A Farm Foundation study written by three economists at Purdue University offers an interesting look at the the forces driving food prices. The study, “What’s Driving Food Prices?”, is available here. If you have a few minutes, the audio report by the report's lead author Wally Tyner is a good listen.
Tyner noted that in the 2004 to early 2008 period, oil prices went from $40 to $120 a barrel, while corn went from about $2 to $6 a bushel. He said 75 percent of that increase in corn price was due to high oil prices, while only 25 percent was due to an ethanol subsidy. He noted, though, that the subsidy was important and essential for development of the ethanol industry and that in recent times it has not been as nearly an important driver in corn prices as has oil.
In the report, Tyner said removing the subsidy would not return corn prices to those seen over the past decade - unless crude oil prices fell as well.
Interestingly, the study does not attribute growth in demand for grains by India or China as a driver in higher grain and food prices. Tyner said although demand is increasing in those countries, their production is also growing, as both countries would like to be self sufficient in these areas. He said China and India don't trade ag commodities to any great degree, especially corn or wheat, so their impact is minimal. China's demand for oil, however, does impact the oil markets.
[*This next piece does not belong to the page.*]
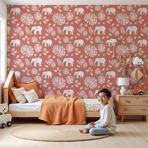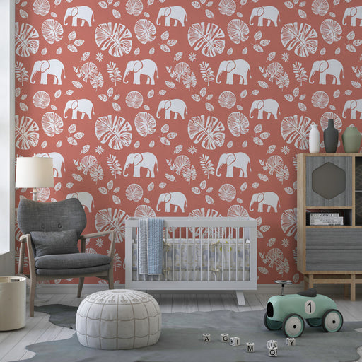 Gyermekszoba tapéta mintákkal | Elegáns elefántok terrakotta háttéren

As for the weak dollar, the study said the dollar's decline over the last few years has been an important factor in overall higher prices. The analysis "clearly shows" the historic links and how they have differed from one period to another depending on what else was going on in the global economy, the study said. "Oil, agricultural commodities and most other commodities are priced in U.S. dollars but are purchased in the local currency. So when the U.S. dollar falls as it has over the past six years, there must be a link with commodity prices," it said.